Englander in turn accused Papen of having a conflict. Papen lives with Michael Lowe, a marketing consultant who until recently represented the Chino-based Western Waste Industries, one of two top-ranked candidates. The other main contender is Community Disposal of Industry.

Although she and Lowe live together, Papen said, they are not married and only share living expenses, without commingling funds.

"Conflicts of interest are legal matters. I have a letter from the (Fair Political Practices Commission stating) that I do not have a conflict of interest in voting on this issue. I have been very circumspect to make sure I have been doing what is proper," she said, adding that she had directed the city attorney to obtain an opinion from the commission for her in April.

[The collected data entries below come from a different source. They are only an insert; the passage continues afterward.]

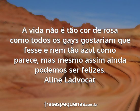 A vida não é tão cor de rosa como todos os gays gostariam que fesse e nem tão azul como parece, mas mesmo assim ainda podemos ser felizes.Aline Ladvocat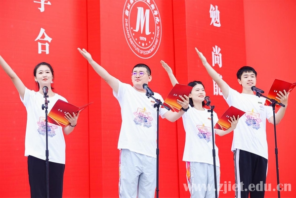 “来吧朋友,一起向未来!来吧青年,一起致远方!”现场,由我校服务杭州亚运会的志愿者师生代表带来的情景朗诵节目《青春当燃,我们在场》,激励同学们青春当“燃”,迎亚运、启新程、向未来!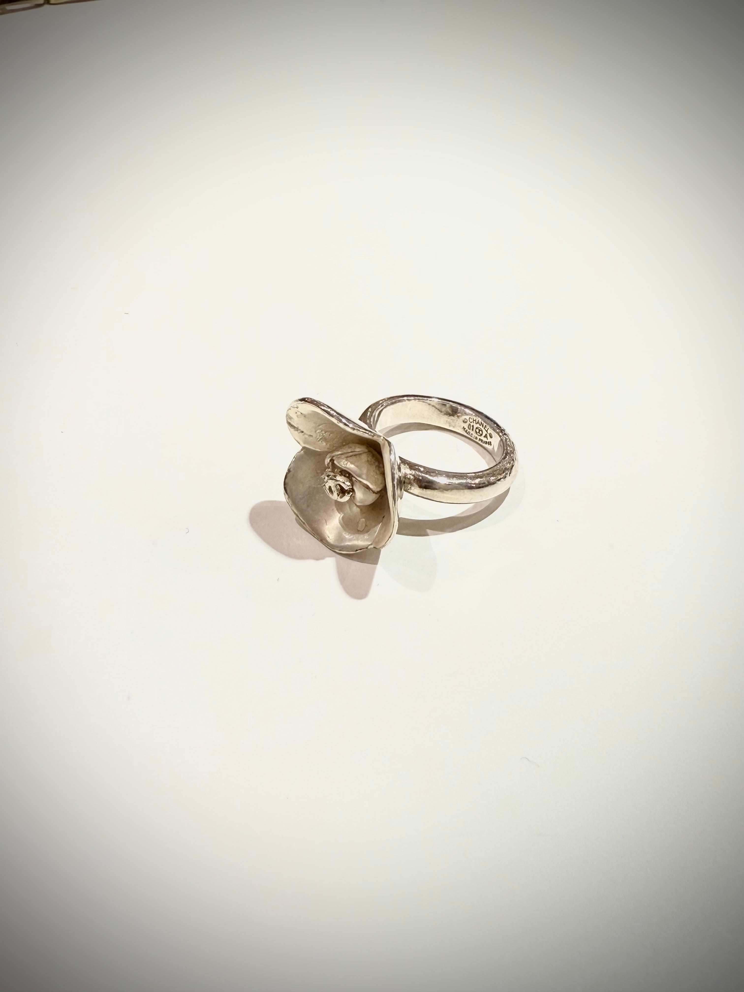 camellia motif silver ring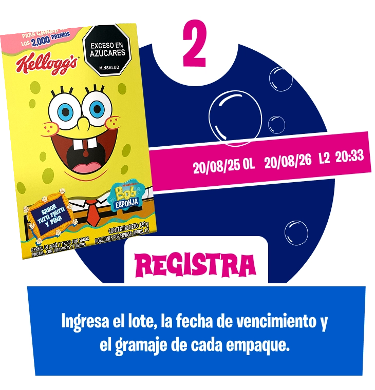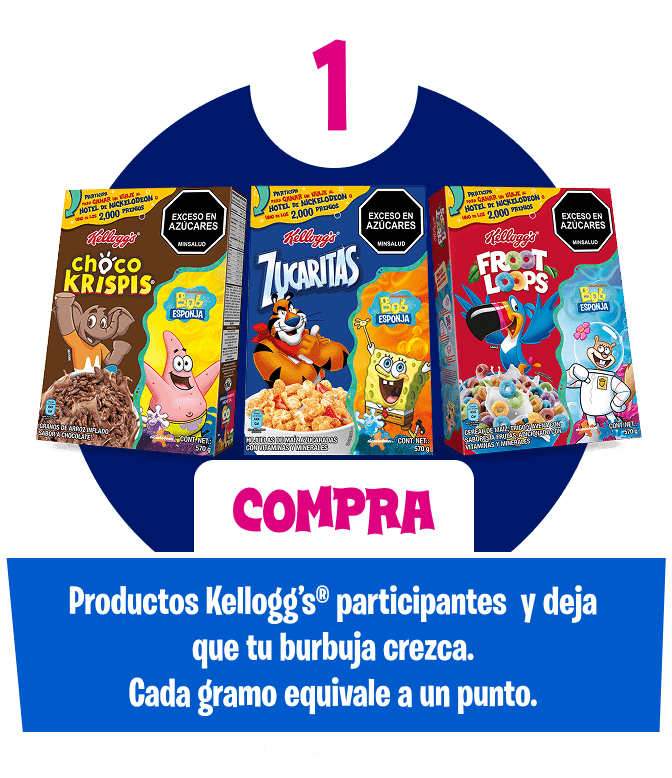 ¡Los Paketikos valen el triple!Al registrar empaques Kellogg’s® participantes tu burbuja crecerá mientras acumulas puntos. Cada gramo equivale a un punto.

Lowe, who worked with a group opposing Horcher's candidacy, said he ended his working relationship with Western Waste just before the election because of pressure allegedly brought to bear on the company by the Horcher campaign.

Lowe claimed that Horcher's camp, angered by his political activities, told the firm that its reputation would be damaged unless it decided to "either fire him or get him under control." Lowe terminated his contract with the company but is renegotiating, he said. Western Waste referred requests for comment to Vice President Al Simonian, who did not return phone calls.

Englander denied that the campaign had pressured Western Waste.

"Paul Horcher has not had a conversation with anyone from Western Waste in at least three, maybe four to five months," Englander said. But, he added: "I had a conversation with a friend of mine who is a consultant for Western Waste and told him how disappointed I was that Western Waste couldn't control their consultants, and that . . . I was sorry if (the company) became a campaign issue because of Mr. Lowe's activities."

NEXT STEP

On Tuesday, the Diamond Bar City Council will meet to decide on waste disposal. Its options include awarding an exclusive $3-million-a-year franchise to one of nine companies that applied for the job of disposing of residents' waste, keeping the market open under a permit system that allows each homeowner to pick a waste disposal company, or putting the contract out to bid again.